This is a topic I had already mentioned. In a perfect world, if A plays B, and A is better than B, then A will always win. And there will be perfect correlation between games since any game can be used to predict the outcome of any other, even there is none of the "causality dependcy" present since the games do not effect each other in any fashion.
Here's the next segment which again is a rehash of what has been explained previously:
=====================================================
Let's consider a series of hypothetical trial runs. I assume that you are as capable as anyone in the industry of preventing any causal
dependence between various games in the trials, so causal dependence will not factor in my calculations at all. I believe you when you
say that you have solved that problem.
Trial A: Crafty plays forty positions against each of five opponents with colors each way for a total of 400 games. The engines are each
limited to a node count of 10,000,000. Crafty wins 198 games.
Trial B: Same as Trial A, except the node count limit is changed to 10,010,000. Crafty wins 190 games.
Now we compare these two results to see if anything extraordinary has happened.

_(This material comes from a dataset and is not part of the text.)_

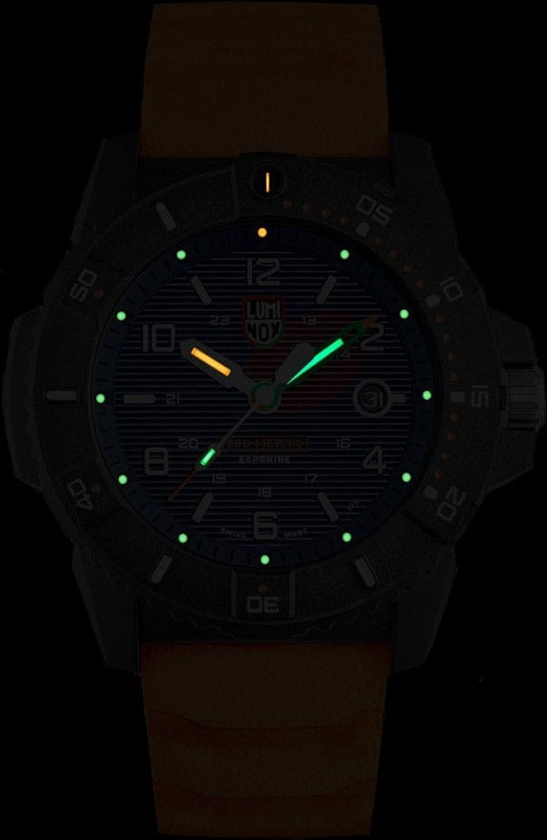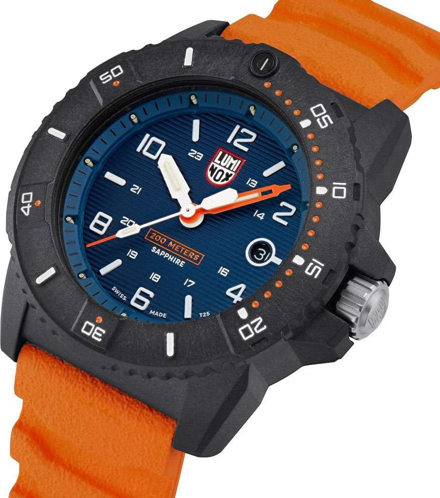 Швейцарские кварцевые часы Luminox XS.3603 идеально сочетают в себе современный стиль и надежность. Эти часы оснащены корпусом из усиленного прессованного карбонаКарбонОт «carbon», «carbone» - углерод, углепластик - полимерный композиционный материал из переплетённых под определенным углом между собой нитей углеродного волокна, применяется для изготовления лёгких, но прочных деталей. В часах часто используют для украшения циферблатов и ремешков. Так же карбон используется в изготовлении корпусов. Такие корпуса обладают антикоррозионным свойством, не поддаются электромагнитному излучению, обладают повышенной прочностью и противоударностью., что обеспечивает их легкость и прочность. Синий циферблат подчеркивает спортивный дизайн модели, а полиуретановый ремешок с классической застежкой обеспечивает комфорт при носке. Часы обладают водозащитой на глубине до 200 метров, что делает их идеальным выбором для любителей водных видов спорта. LLTLLTLLT — это автономный механизм подсветки, основанный на использовании микроскопических газонаполненных элементов. Специальные герметичные капсулы из боросиликатного стекла, интегрированные в циферблат, генерируют свечение без необходимости подключения к внешним источникам энергии. Для их работы не требуется ни дополнительный свет, ни механическое воздействие (например, нажатие кнопки). Свечение возникает благодаря химическому процессу: реакция между тритием, заключенным в капсулах, и люминофорным покрытием создает стабильное автономное освещение. Технология обеспечивает энергетическую независимость и долговечность подсветки.-подсветка гарантирует отличную видимость в темное время суток, а сапфировое стеклоСапфировое стеклоПрочный и надёжный материал из кристалла сапфира синтетического происхождения, характеризующийся особой твёрдостью и устойчивостью к царапинам и повреждениям. с антибликовым покрытиемАнтибликовое покрытиеСлой оксида металла в 0,13-0,3 микрон, благодаря которому стекло часов не бликует и не отражает свет. Антибликовое покрытие уменьшает отражение света в 10 раз, обеспечивая отличную читаемость показателей циферблата. защищает от царапин и обеспечивает четкость отображения. Модель оснащена функцией календаря с окошком даты, дополненным увеличительным стеклом для удобства использования. Часы поддерживают 12-ти и 24-х часовой формат времени, а вращающийся в одном направлении безельБезельВнешний ободок, закрепляющий стекло. В спортивных часах так называется поворотное кольцо с делениями на циферблате, выполняет роль таймера – замеряет отрезки времени на шкале. Неподвижный безель – элемент декора. Однонаправленно вращающийся безель на дайверских часах позволяет фиксировать моменты погружения и выныривания на поверхность. позволяет отслеживать время погружения или других активностей. Задняя крышка и заводная головка выполнены из стали, что добавляет дополнительную прочность конструкции. Заводная головка с защитой предотвращает случайное изменение времени. Благодаря диаметру в 45 мм и толщине 14 мм, эти часы обладают внушительным и привлекательным внешним видом, а их вес всего 75 граммов делает их крайне удобными для ежедневного использования.

In 400 games, the standard deviation is 10, and the
difference in results was only 8, so we are well within expected bounds. There's nothing to get excited about, and we move on to the
next experiment.
Trial C: Same as Trial A, except that each position-opponent-color combination is played out 64 times. Yes, this is a silly experiment,
because we know that repeated playouts with a fixed node count give identical results, but bear with me. Crafty wins (as expected)
exactly 12672 games.
Trial D: Same as Trial B, except that each position-opponent-color combination is played out 64 times. Crafty wins 12160, as we knew it
would.
Now we compare the latter two trials. In 25,600 games the standard deviation is 80, and our difference in result was 512, so we are more
than six sigmas out. Holy cow! Run out and buy lottery tickets!
In this deterministic case it is easy to see what happened. The prefect correlation of the sixty-four repeats of each combination meant
that we were gaining no new information by expanding the trial. The calculation of standard deviation, however, assumes no correlation
whatsoever, i.e. perfect mathematical independence. Since the statistical assumption was not met, the statistical result is absurd.
=====================================================